# Foil Pocket Recipes



## DLAS268ers (Mar 27, 2010)

Does anyone have any good foil pocket recipes you can sit on a gas grill?


----------



## CrazyAboutOrchids (Aug 10, 2009)

DLAS268ers said:


> Does anyone have any good foil pocket recipes you can sit on a gas grill?


Here's a few... I use foil packets on the grill all year long, even when snow is on the ground and I need to shovel to get to the grill. I cook most fish in foil packets and like cooking it outdoors due to the lingering fish odor if you cook inside. I always use heavy duty foil and even though wasteful, double it up so I don't get holes poked in while cooking and my seals don't loosen up when turning.

Grilled Corn with Lime Chili Butter 
Make the butter at home : 6 tbsp softened butter (real stuff here folks, not margarine), 1/4 tsp chili powder, 1/2 tsp lime zest, 1 tsp fresh lime juice, about a tsp or so of finely chopped jalapenos. Mix well, place on saran wrap and roll into a log, freeze.

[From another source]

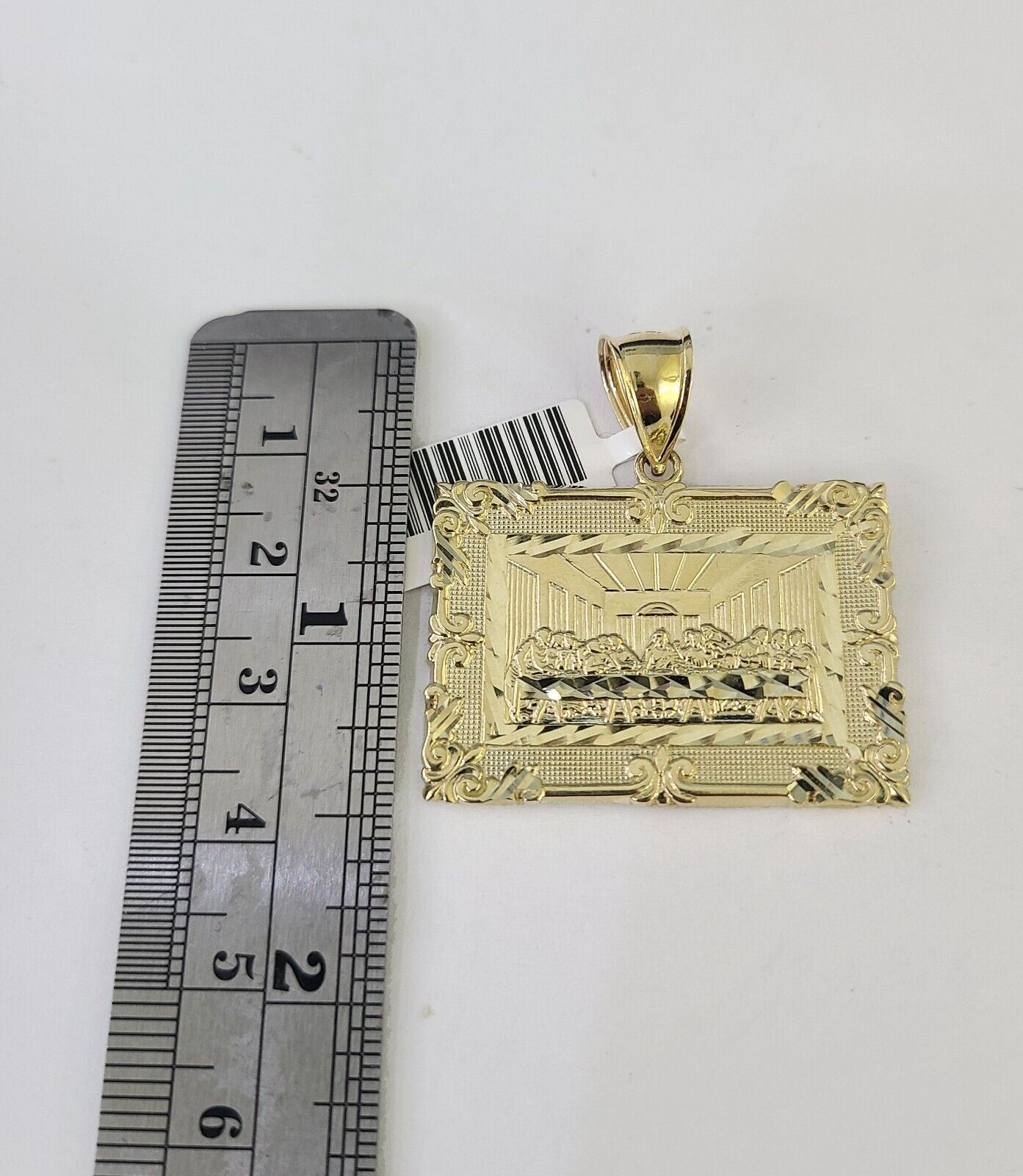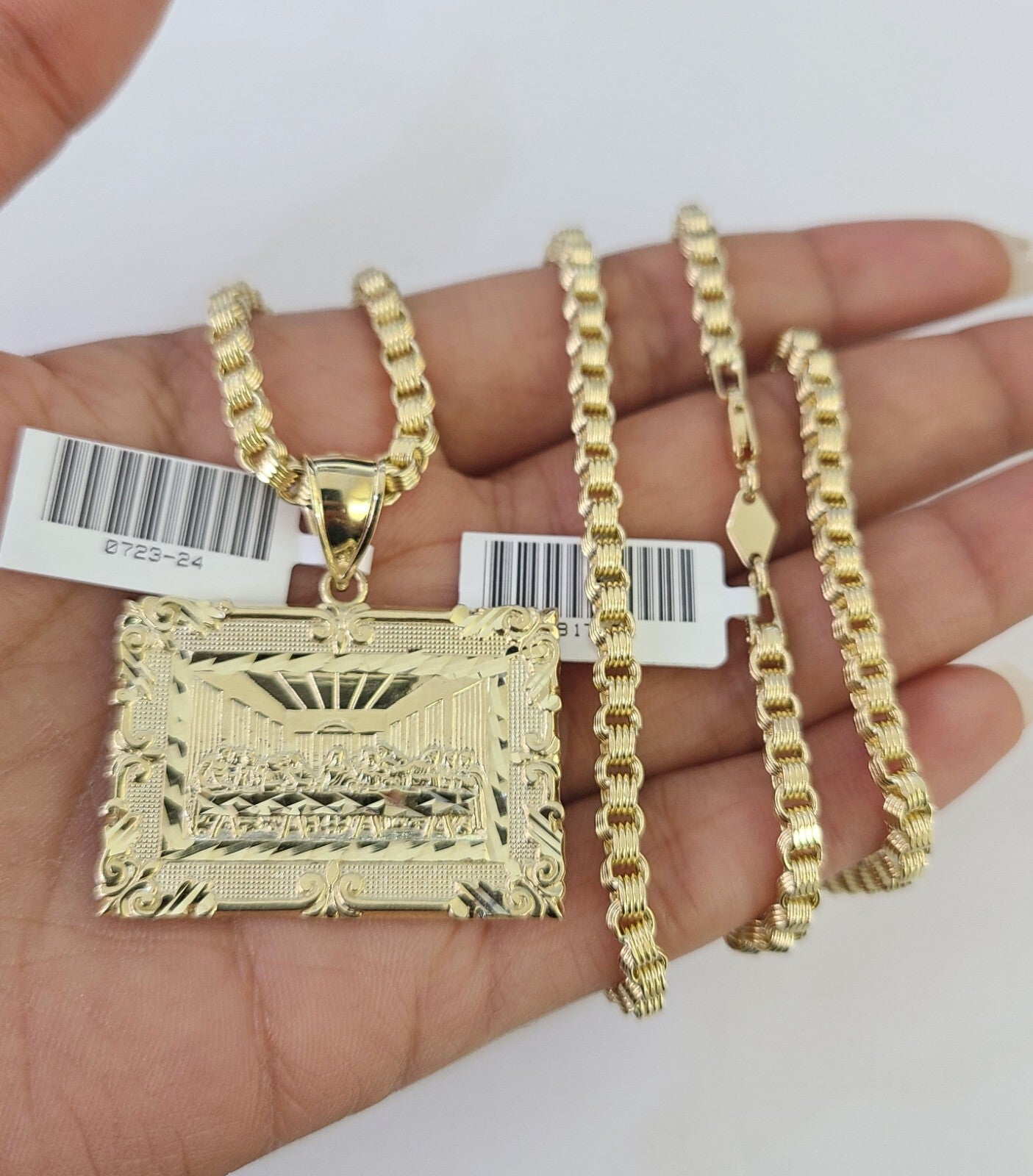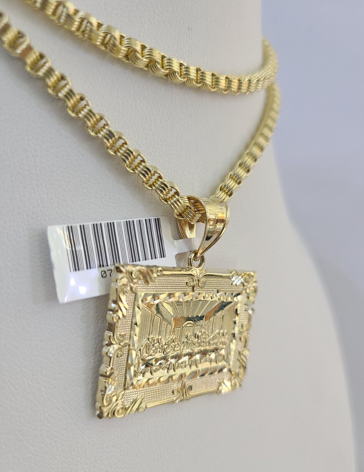 Real 10k Gold Box Byzantine Necklace Last Supper Charm Pendant SET Chain 18-30 Inch 3mm

When you want to use it, clean off your corn, place each ear on it's own foil, put a bit of the butter on the corn, wrap tightly and grill about 12 - 15 minutes, turning constantly.

Cod

Can't get any simpler than this one! Make a packet, again I double up the foil and use one rectangle, spray foil with Pam olive oil spray, lay cod, sprinkle with Goya Adobo all purpose seasoning, spray other foil rectangle, lay on top of cod, seal edges very tightly. Cook on grill about 12 minutes. Salmon fillet is excellent this way as well, I just add in some diced tomatoes. I don't do swordfish this way, but have cooked haddock.

Potatoes

This is off the web, family loves it. I wash and micro potatoes, but not till they are completely cooked, slice, lay half on same foil ractangle as above, don't forget the Pam Olive Oil spray. Melt 2 tbsp butter add in 1/4 tsp each onion powder, garlic powder, paprika, salt, pepper, 2 tbsp parmesan cheese. Spread over potatoes, top with remaining half of potatoes. Seal up packet, grill on low about 15 - 20 minutes, turning every 5 minutes. Calls for dill and bacon,; have never done the dill, sometimes do the bacon. Awesome leftovers to heat and serve with fried eggs in the morning; that was our breakfast this morning in fact.

Vegies

Take veggies, we like a mix of baby corn, chopped zucchini and baby carrots, but you could use mushrooms, corn off the cob, broccoli, whatever. Do the foil packet with Pam Olive Oil, seal it and grill while you are cooking your meat or fish. I don't bother with any seasonings, the veggies in the foil are steamed and very tasty.

Asparagus

This I do on foil, but open on the grill. Double up the foil and create an edge, use a small amount of extra virgin olive oil on the foil, roll your asparagus around to coat with the oil. I like garlic alot and like to add a clove or two, but doesn't need it if you don't like garlic. Grill while you make your meat, fish or chicken, turning constantly. Sometimes I sprinkle with fresh lemon, sometimes with grated parmesan, sometimes with pepper.


----------



## Lmbevard (Mar 18, 2006)

Always Hobo Packs. Hamburger pattie, onion, tomato, cut up potatoes, corn on the cob piece and anything else you want wrapped in foil and just thrown into a fire or on the grill for 15 -30 min. 
Also, ham chunks with a mustard/brown sugar sauce is great.


----------



## DLAS268ers (Mar 27, 2010)

Yum!! Those sound really great...thanks!! Im new to all this and looking for simple things to cook on a gas grill. These look like they will work out great!


----------



## mmblantz (Jul 1, 2007)

Try this: http://www.campingworld.com/shopping/item/fix-it-in-foil-cookbook/38518


----------



## Patty (Mar 4, 2010)

Ditto on the Hobo packs. I put in a frozen pattie, add lots of onion, zucchini, mushrooms and yams. I sprinkle it with season salt, seal it up and put it on the top shelf for about 40 minutes. Each person gets their own catered a little to their likes. DD1 likes hers spicy. DD2 doesn't like yams as much. I like having the veggies cut up and thrown in a ziploc bag prior to leaving. It is a good first night meal. Put them together and put them on. Finish setting up and eat.


----------



## DLAS268ers (Mar 27, 2010)

mmblantz said:


> Try this: http://www.campingworld.com/shopping/item/fix-it-in-foil-cookbook/38518


I was at camping world not to long ago...next time I go I will have a look. Thanks!!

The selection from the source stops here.